=== Begin Enclosure ===

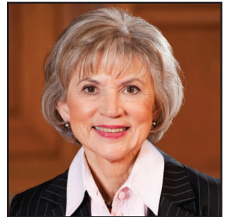
The Right Honourable Beverly McLachlin, PC, Chief Justice of Canada
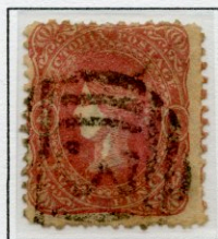
4d Rose red Error – Watermark Inverted
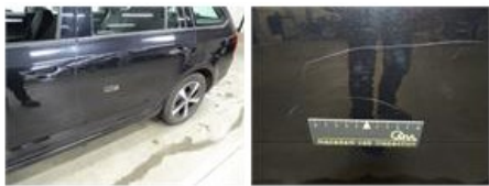
Rear window, Scratch(es), E - Replace
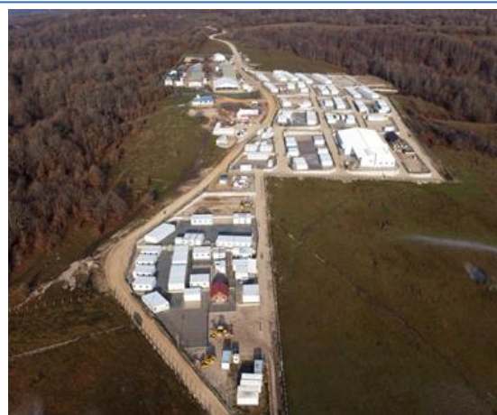
Aerial view of TRC Lipa, opened on 19 November
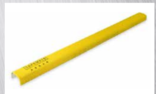
ANTISLIP LADDER RUNG COVER
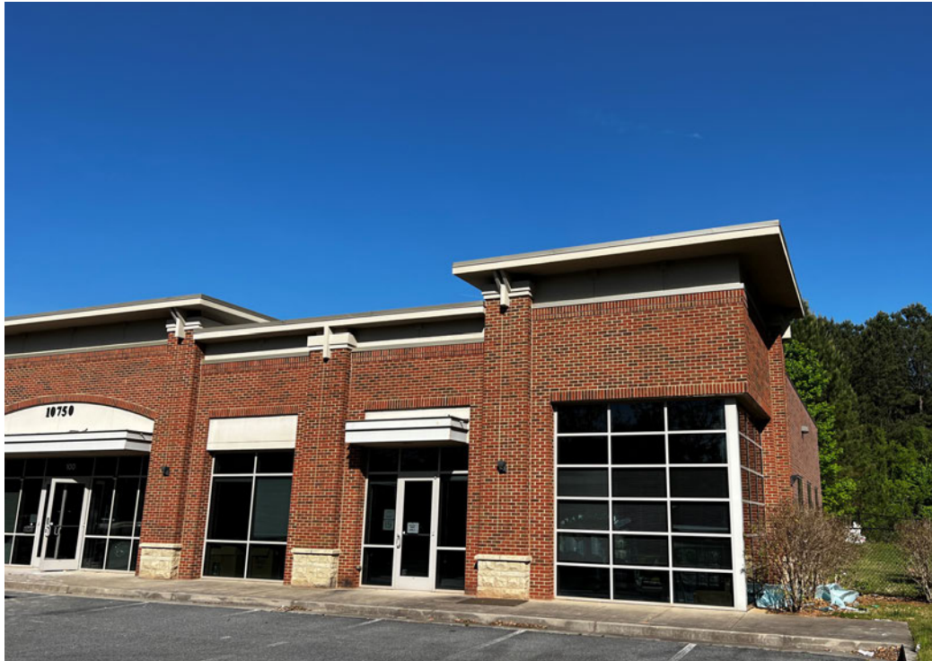
10750 Medlock Bridge Road | Duluth, GA 30097
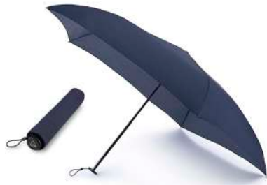
3. Navy - 50 20815 037256
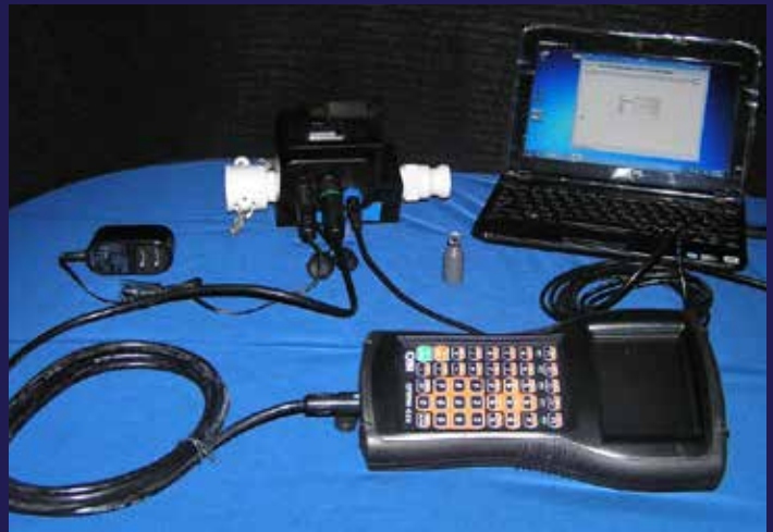
Inline Waterborne Pathogen Sensor System

=== End Enclosure ===

# [Exercise description]
All entries must come back exactly as written, though without their pictures.

# [Solution for this task]
The Right Honourable Beverly McLachlin, PC, Chief Justice of Canada
4d Rose red Error – Watermark Inverted
Rear window, Scratch(es), E - Replace
Aerial view of TRC Lipa, opened on 19 November
ANTISLIP LADDER RUNG COVER
10750 Medlock Bridge Road | Duluth, GA 30097
3. Navy - 50 20815 037256
Inline Waterborne Pathogen Sensor System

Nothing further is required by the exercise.